Она протянула ему протекающий вафельный рожок, думая, что он пойдет его выбросить в урну, но Тюаль с жадностью отправил остатки мороженого себе в рот. Тамара замерла от удивления.
«Он видит меня всего третий раз в жизни и, не брезгуя, доедает...»
Молодая женщина даже представить себе не могла, чтобы кто-то из ее знакомых мог такое сделать. Она невольно поморщилась, глядя на Ксавье в его дурацкого цвета брюках, туфлях на босу ногу и с идиотским треугольным чубчиком на лбу. Ко всем его «достоинствам», он еще постоянно сморкался в бумажные платки. Утешением ей послужило бессмертное замечание Генриха IV.
«Париж стоит мессы», — вздохнув, подумала молодая женщина.

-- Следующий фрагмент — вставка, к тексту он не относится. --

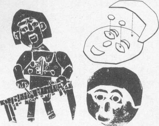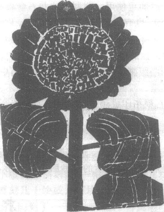 用稍厚的纸剪刻出形象的轮廓,贴于另一纸基上,可重叠贴二至三层纸,形成凸版,经过上墨或着色拓印,就会产生黑白浓淡的颜色变化。凸起部分墨色深,轮廓边缘呈白色,低凹的纸基上着墨少,形成浅色。如果不贴在另一纸基上,可印出一幅单独图象的剪贴纸版画。

Она даже не могла представить, сколько ей придется испытать. Может быть, узнав, Тамара отказалась бы от этого дара судьбы, но хитрая Фортуна никогда никому не показывает свои прейскуранты заранее, она расставляет замысловатые ловушки, разбрасывает сладкую приманку, и человек, думая, что наконец-то судьба смилостивилась и улыбнулась ему, радостно ступает на путь страданий и несчастий.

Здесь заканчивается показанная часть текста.